Question: I am required to use this indexing of tokens in my difflib call:
difflib.get_close_matches(tokens[0], jobList, n=1, cutoff=0.85)
in order to get my required output. If I use what I expect. Which is tokens[j]
then my output is affected by having the token Asst
still appearing before the address Wyndrum
. Why?
# Short test removes job descriptions from in front of address trailing address strings
testList = ['21 Sharp Crescent _Wainuiomata Shop Asst','Shop Asst Wyndrum Avenue _Lower_Hutt Housewife','Housewife']
jobList = ['Asst','Housewife','Shop']
import difflib
newList = []
for i in range(len(testList)):
tokens = testList[i].split()
for j in range(len(tokens)):
print("tokens[j]",tokens[j],"tokens[0]",tokens[0])

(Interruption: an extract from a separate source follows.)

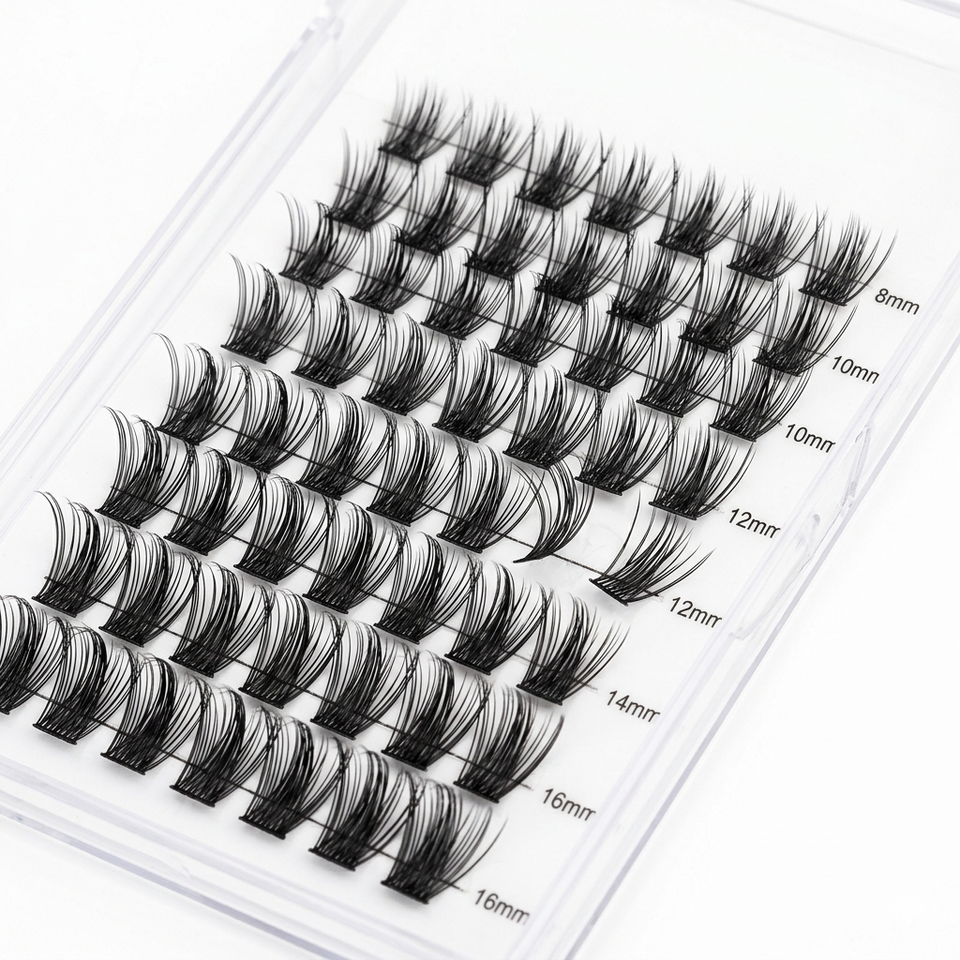 Cils en grappe pré-coupés DIY 12mm 14mm, bande plus fine, sans cruauté animale, OEM ODM, 3D, noir mat intense, vente chaude
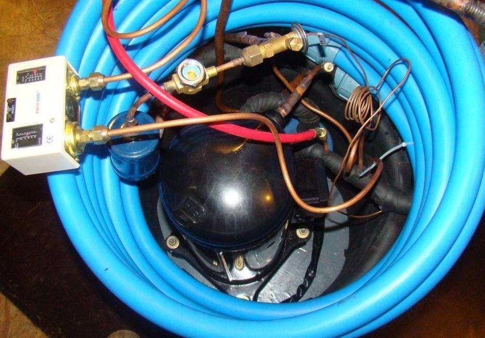 Перед сборкой конденсатора необходимо медную трубку намотать в виде спирали и поместить в металлическую бочку емкостью не менее 0,2 м³. Медная трубка заполняется фреоном, а бочка с водой подключается к системе отопления дома.

result = difflib.get_close_matches(tokens[0], jobList, n=1, cutoff=0.85)
if result:
while tokens and tokens[0] == result[0]:
tokens.pop(0)
else:
newString = ' '.join(tokens)
newList.append(newString)
break
for i in range(len(newList)):
print(newList[i])
Expected/Correct Output
21 Sharp Crescent _Wainuiomata Shop Asst
Wyndrum Avenue _Lower_Hutt Housewife
Debug print lines
tokens[j] 21 tokens[0] 21
tokens[j] Shop tokens[0] Shop
tokens[j] Wyndrum tokens[0] Asst
tokens[j] _Lower_Hutt tokens[0] Wyndrum
tokens[j] Housewife tokens[0] Housewife
There is rule in Python: if you use for
-loop to iterate some list
then don't remove elements from this list - don't use remove()
or pop()
. Work on copy of original list or create new list with elements which you want to keep.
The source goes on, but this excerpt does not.